We hugged, caught up, and then he said it: “We’re moving.”
Why?
Because the math doesn’t work.
I’ve spent over two decades helping entrepreneurs start ventures in New Orleans. I’ve seen the scrappiness, the genius, the exits, the community. As a Founder of my own venture now, I’ve also seen the quiet cost of trying to build something here.
Here’s the reality we can’t ignore:
For founders with families trying to build in New Orleans—the math doesn’t work.
And unless we do something, we’re going to lose the very people who make this city’s future worth investing in.
Before You Scale a Startup, You Have to Survive
Let’s break it down:
Housing is expensive
Median home price: ~$256,000
Rent for a 2-bedroom: $1,289–$1,750/month
To afford that rent, you need ~$66,000/year in income
Yet median household income is only ~$55,000, and for Black households, it’s below $30,000.
Insurance is breaking budgets
Homeowners insurance: $3,900–$10,000/year
Flood insurance + rising premiums: adding $400–$1,000/month
That’s before you factor in business or auto insurance.
Raising a family costs a second salary
Private school? Charter lottery? Homeschool? All cost time, money, or access.
Two kids in school = another mortgage payment.
Infrastructure is lagging
Power outages. Road work delays. Drainage issues.
Entrepreneurs can’t scale if their lives are constantly in recovery mode.

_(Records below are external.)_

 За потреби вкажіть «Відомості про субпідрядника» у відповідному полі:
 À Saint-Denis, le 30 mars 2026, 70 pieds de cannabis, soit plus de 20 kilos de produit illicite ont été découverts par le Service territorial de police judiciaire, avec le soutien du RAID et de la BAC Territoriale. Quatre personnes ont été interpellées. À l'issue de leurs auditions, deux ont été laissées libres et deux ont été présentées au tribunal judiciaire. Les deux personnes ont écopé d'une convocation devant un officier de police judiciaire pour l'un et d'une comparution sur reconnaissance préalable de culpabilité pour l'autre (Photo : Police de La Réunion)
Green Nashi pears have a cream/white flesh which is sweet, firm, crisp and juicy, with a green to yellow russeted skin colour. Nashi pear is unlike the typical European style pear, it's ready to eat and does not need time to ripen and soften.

“Just Bootstrap It” Doesn’t Work Here
We love to glorify the hustle. But in this environment, “just bootstrapping” means:
Burning personal savings faster than your company grows
Piling stress on your family with no safety net
Choosing between paying rent or hiring help
Or worse—leaving New Orleans to survive
This Is a Tipping Point Moment
We are at risk of becoming a city that celebrates entrepreneurship in theory—while making it financially impossible in practice.

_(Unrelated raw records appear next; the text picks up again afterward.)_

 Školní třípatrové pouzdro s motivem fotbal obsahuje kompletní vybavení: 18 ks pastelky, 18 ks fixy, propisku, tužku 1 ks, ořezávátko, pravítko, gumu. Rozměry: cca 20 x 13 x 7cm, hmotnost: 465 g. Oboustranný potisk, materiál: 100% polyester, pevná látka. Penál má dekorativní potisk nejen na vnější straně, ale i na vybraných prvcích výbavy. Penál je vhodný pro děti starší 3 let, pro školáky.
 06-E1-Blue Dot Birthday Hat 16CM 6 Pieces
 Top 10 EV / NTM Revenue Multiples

And when founders walk away before they launch, it’s not just a personal loss.
It’s a citywide loss of innovation, jobs, and future prosperity.
What Needs to Change?
If we want to build a future-ready New Orleans, here’s what we must do:
Create programs that use AI, new mentor models, and digital networks to accelerate the startup stage. Founders don’t need four-month accelerator programs padded with meetings, workshops and pitch showcases. Time is money.
Create subsidized housing pathways for entrepreneurs and essential workers
Explore community insurance pools or state-supported coverage for flood zones
Offer startup stipends or founder fellowships to high-potential risk-takers
Invest in affordable childcare and educational access to keep families rooted
Streamline infrastructure fixes that reduce the operational drag on families and businesses
I Still Believe in New Orleans’ Potential
New Orleans has always been a city of dreamers, artists, builders, and believers. Today, the ecosystem has institutional leadership and significant resources to support ventures at all stages.

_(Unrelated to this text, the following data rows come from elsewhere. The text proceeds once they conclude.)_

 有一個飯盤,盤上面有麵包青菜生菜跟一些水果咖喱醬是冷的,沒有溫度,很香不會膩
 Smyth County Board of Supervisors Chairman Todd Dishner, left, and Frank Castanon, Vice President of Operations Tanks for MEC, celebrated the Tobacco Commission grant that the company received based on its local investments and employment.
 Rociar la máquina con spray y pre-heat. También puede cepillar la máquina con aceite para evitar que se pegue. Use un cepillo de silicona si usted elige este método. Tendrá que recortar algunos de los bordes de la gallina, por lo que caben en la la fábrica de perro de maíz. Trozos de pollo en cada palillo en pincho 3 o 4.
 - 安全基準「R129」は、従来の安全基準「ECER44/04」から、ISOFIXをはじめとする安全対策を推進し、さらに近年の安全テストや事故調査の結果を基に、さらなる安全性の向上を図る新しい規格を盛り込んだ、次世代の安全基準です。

But if we want to build the next great startup city—we need to be real about the math.
Because right now?
The numbers don’t add up for the people we need to grow new jobs and engage in civic endeavors.
And we can’t afford to lose them.
My husband and I have always considered ourselves diehard New Orleanians, but even we have to think of the longterm. Homeowner's insurance is crushing us. Taxes are high and it's easy to wonder what it's going towards. Political leadership has been missing for a long, long time. As the state grows more conservative, it feels more hostile even in our progressive bubble. And as climate change intensifies, it's hard not to wonder when another hurricane will lay the city low.
This is an important conversation to have.
Yes, we need our city and state officials to support the ecosystem but it also starts with community. We need to move past the “gatekeeping” culture of this city and learn how to work together and amplify each other.